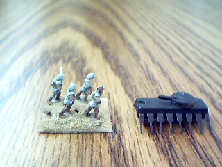 Some of the chips I pulled out were bigger than the others and so I turned them into heavier tanks. I used the same method of two pieces of thin cardboard glued together to make the turret. After the turret had dried I trimmed the sides and then drilled two holes in the front with a pin vice (a very small hand drill) and stuck two short bits of wire in as the laser barrels. |
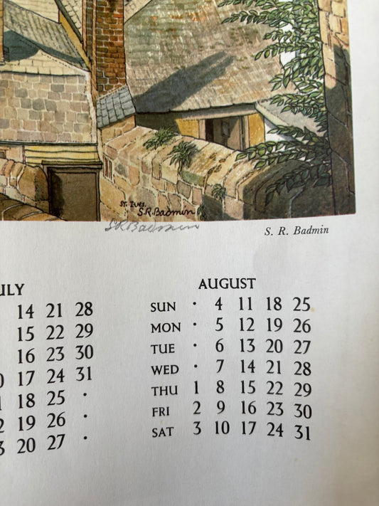 S R Badmin Signed ST IVES CORNWALL 1963 Calendar ILLUSTRATION PRINT 1960’s
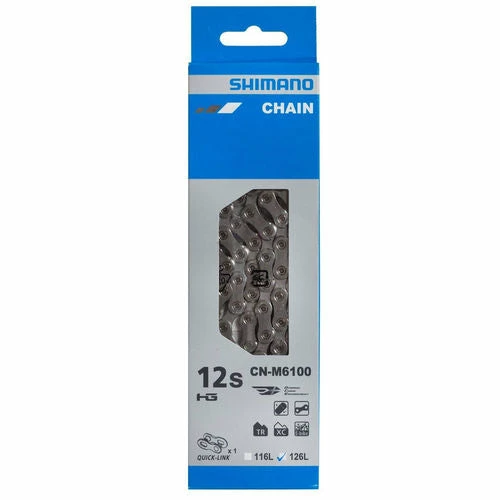 The M6100 chain provides smooth shifting and enhanced chain retention thanks to an extended portion of the inner plate. The new chain features QUICK-LINK assembly and is optimized for HYPERGLIDE+ cassettes and DYNAMIC CHAIN ENGAGEMENT+ chainrings.

━━━━

▶ _Requirement_
Leaving each image aside, repeat the listing above exactly.

▶ _Your response_
 Some of the chips I pulled out were bigger than the others and so I turned them into heavier tanks. I used the same method of two pieces of thin cardboard glued together to make the turret. After the turret had dried I trimmed the sides and then drilled two holes in the front with a pin vice (a very small hand drill) and stuck two short bits of wire in as the laser barrels. |
 S R Badmin Signed ST IVES CORNWALL 1963 Calendar ILLUSTRATION PRINT 1960’s
 The M6100 chain provides smooth shifting and enhanced chain retention thanks to an extended portion of the inner plate. The new chain features QUICK-LINK assembly and is optimized for HYPERGLIDE+ cassettes and DYNAMIC CHAIN ENGAGEMENT+ chainrings.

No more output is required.